BY MELANIE FARRELL
Prior to working at The MICA Project, I thought I knew what it meant to fight hate. Hate, I believed, was something that could simply be combatted with kindness. It was one or the other. No compromise.
While I still believe this to be partly true, I now see more additions to this duality. Hate is powerful. It is far easier to hate than it is to love. And it is also is far easier to identify acts of kindness than it is to admit the systemic hate in this country. Hate is ingrained in our society. It’s something that we’re so accustomed to that many of us don’t even need words to identify it.
But, we should use words. We need to define hate when we see it, and take action to resolve it.
On September 5th, the Trump administration made the formal announcement that DACA will be phased out over the next few months. With this action in place, roughly 800,000 young people will be affected. DACA allows these individuals to work, to go to school, and to support their families. “These courageous people gave the government all of their personal information, paid government fees, went through background checks, and submitted stacks of evidence to prove their eligibility. Now, the government is turning its back on them (mica-project.org).”
Without a minute to spare, The MICA Project quickly sprung into action.
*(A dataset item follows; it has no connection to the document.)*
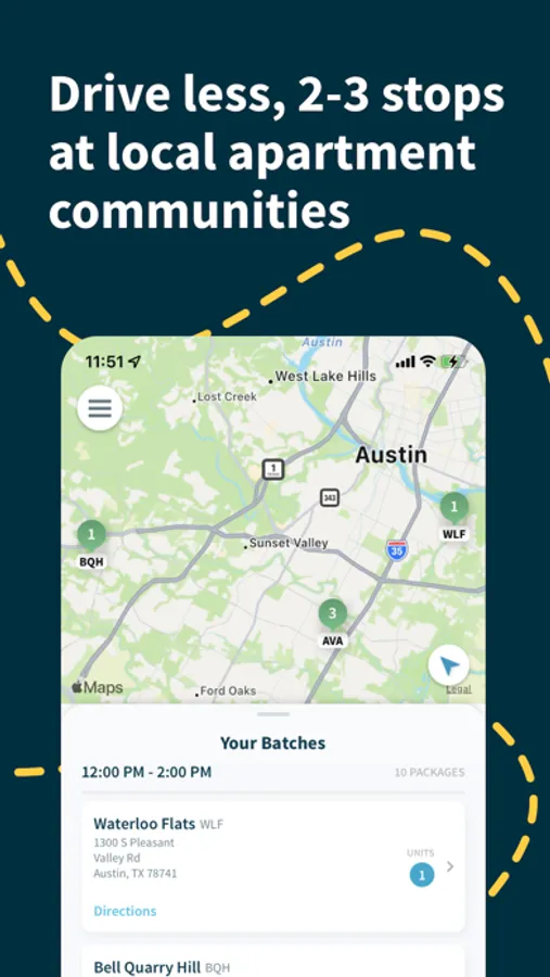 Delivery Partner shifts are typically only 2-3 stops at local apartment communities within your local area, so you won’t need to spend an entire shift driving.

We reached out to local community members and organized DACA informational sessions and renewal clinics. Behind the scenes, we were also searching through our client files to allocate all of our DACA clients. The staff then jointly spent the duration of the next few days calling each client individually to express that we weren’t going anywhere, and that we would update them as often as possible with any important information.
A couple weeks following, MICA co-sponsored a DACA Renewal Clinic. At this particular event, I was able to take part in much of the planning process. I created a flier that was circulated among different immigrant advocacy organizations in the St. Louis area, and also helped in the scheduling of volunteers and attorneys for the event.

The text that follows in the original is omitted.